» **Assignment**
Each record below is to be retyped exactly, with its pictures omitted.

» **Provided entries**

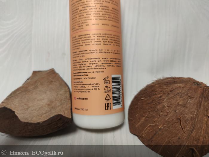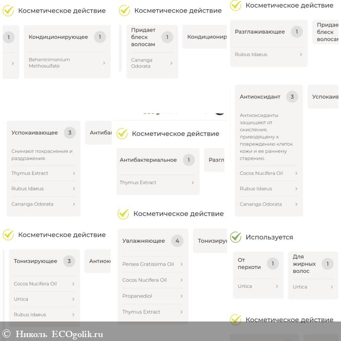 Следом указан классный состав. В нём нет силиконов. В составчике: вода, цетеариловый спирт, бегентримония метосульфат, эфиры масла ши, масло авокадо, масло кокоса, сорбитан каприлат, пропандиол, бензойная кислота, СО2-экстракты облепихи, крапивы, чабреца, малины; эфирное масло иланг-иланга
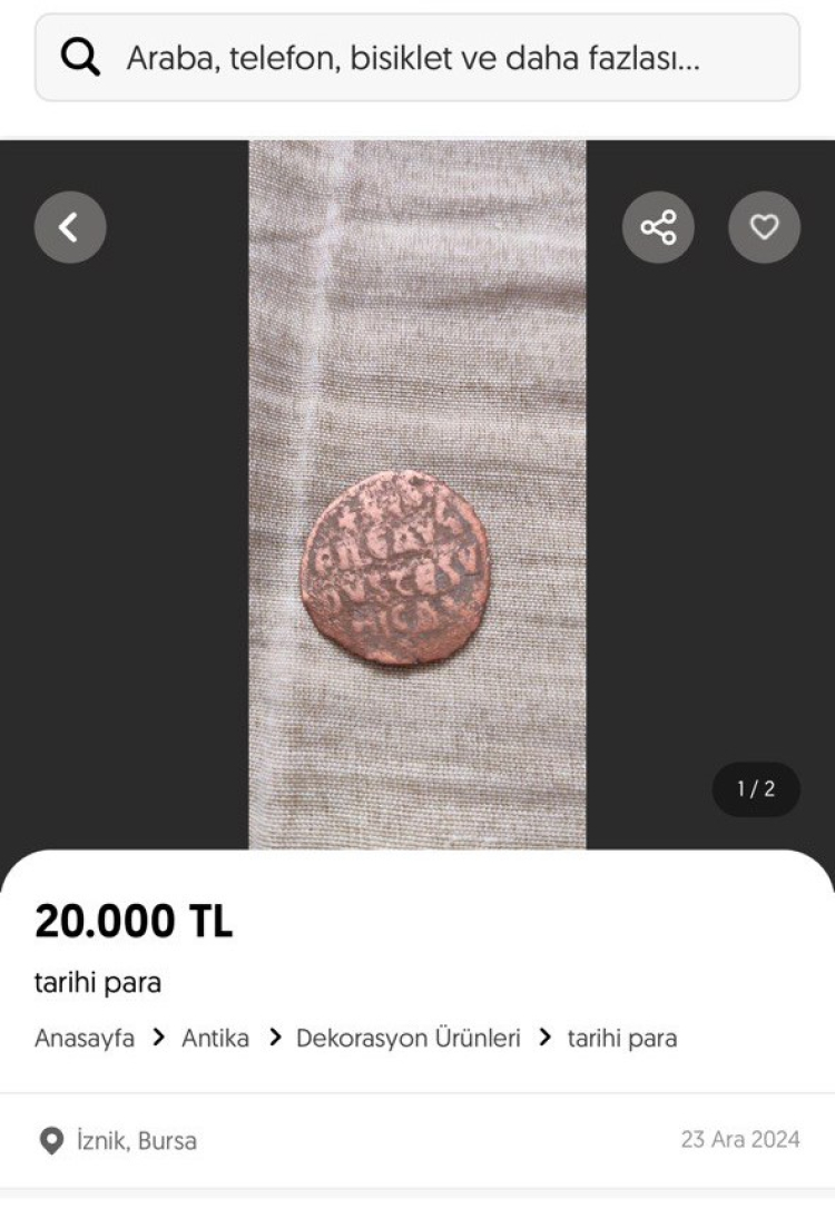 Bursa'da 4 medeniyete başkentlik yapmış dünyaca ünlü tarihi kent İznik'te internet üzerinden tarihi sikkelerin satışa sunulması herkesi şok etti. Bir alışveriş sitesinde tarihi kent İznik'ten çıkartıldığı iddia edilen 2 bin yıllık sikkelerin satışa sunulması dikkat çekti.
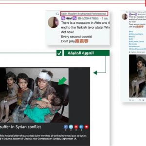 نشر “صالح مسلم” أحد قيادات تنظيم “ب ي د/ بي كا كا” الإرهابي في حسابه على موقع التواصل الاجتماعي “توتير” صورا لأطفال مصابين بالغوطة الشرقية التي يقصفها نظام الأسد باستمرار، زاعما بأنها في عفرين.
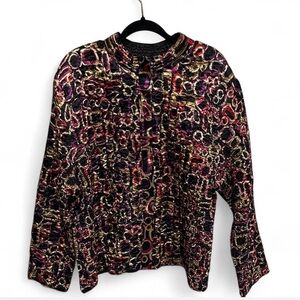 Vibrant jacket with intricate patterns. Features a mix of colors for a bold look. Perfect for adding flair to any outfit. Measurements in photos. Offers welcome 🫶🏼
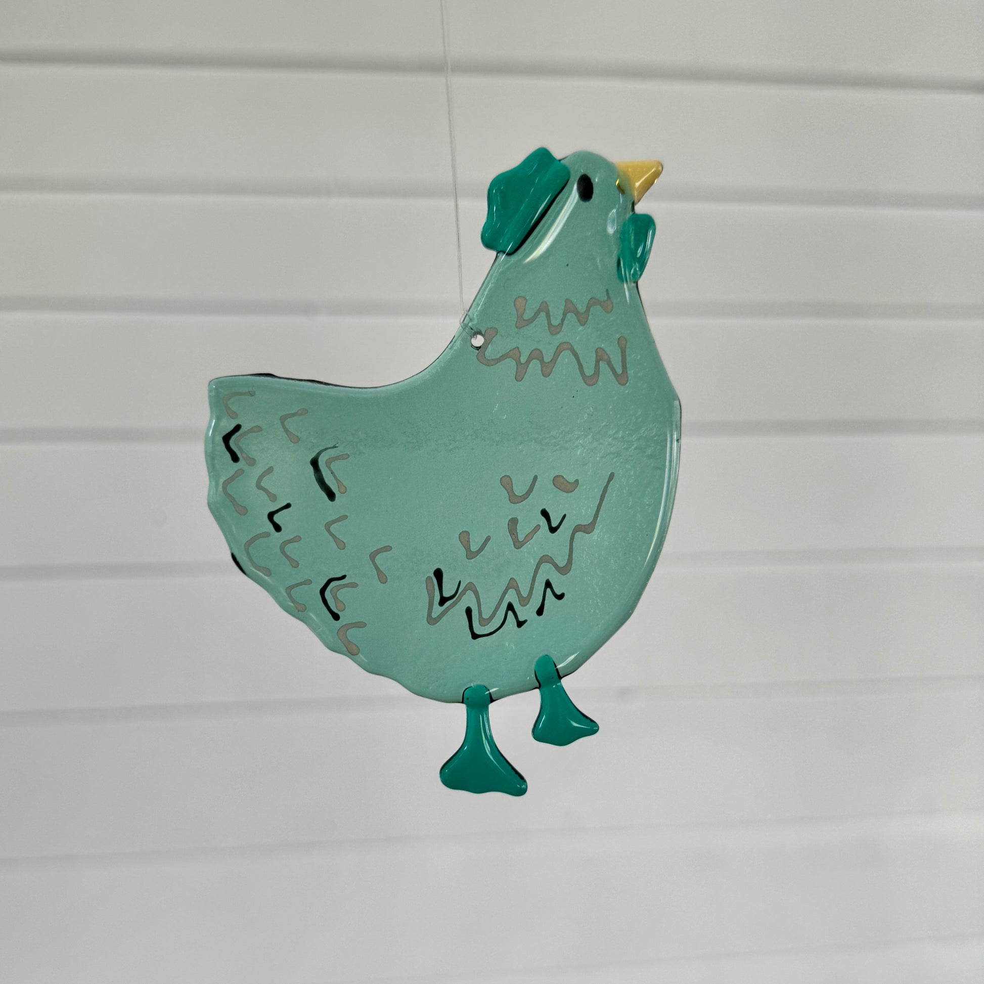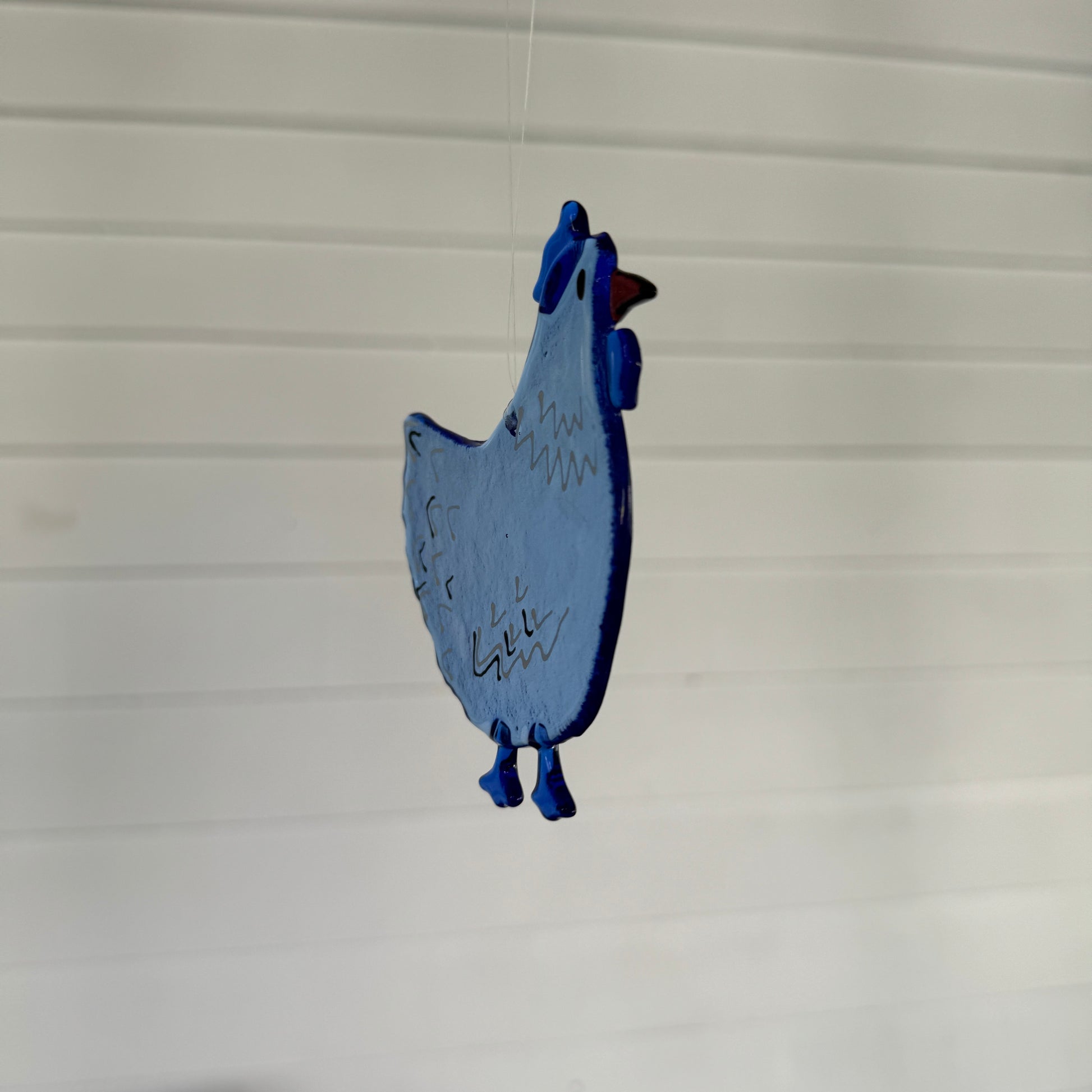 Set of three includes all but the amber hen. Details are hand-painted with white and black paint that fuses permanently to the glass.

» **Task response**
 Следом указан классный состав. В нём нет силиконов. В составчике: вода, цетеариловый спирт, бегентримония метосульфат, эфиры масла ши, масло авокадо, масло кокоса, сорбитан каприлат, пропандиол, бензойная кислота, СО2-экстракты облепихи, крапивы, чабреца, малины; эфирное масло иланг-иланга
 Bursa'da 4 medeniyete başkentlik yapmış dünyaca ünlü tarihi kent İznik'te internet üzerinden tarihi sikkelerin satışa sunulması herkesi şok etti. Bir alışveriş sitesinde tarihi kent İznik'ten çıkartıldığı iddia edilen 2 bin yıllık sikkelerin satışa sunulması dikkat çekti.
 نشر “صالح مسلم” أحد قيادات تنظيم “ب ي د/ بي كا كا” الإرهابي في حسابه على موقع التواصل الاجتماعي “توتير” صورا لأطفال مصابين بالغوطة الشرقية التي يقصفها نظام الأسد باستمرار، زاعما بأنها في عفرين.
 Vibrant jacket with intricate patterns. Features a mix of colors for a bold look. Perfect for adding flair to any outfit. Measurements in photos. Offers welcome 🫶🏼
 Set of three includes all but the amber hen. Details are hand-painted with white and black paint that fuses permanently to the glass.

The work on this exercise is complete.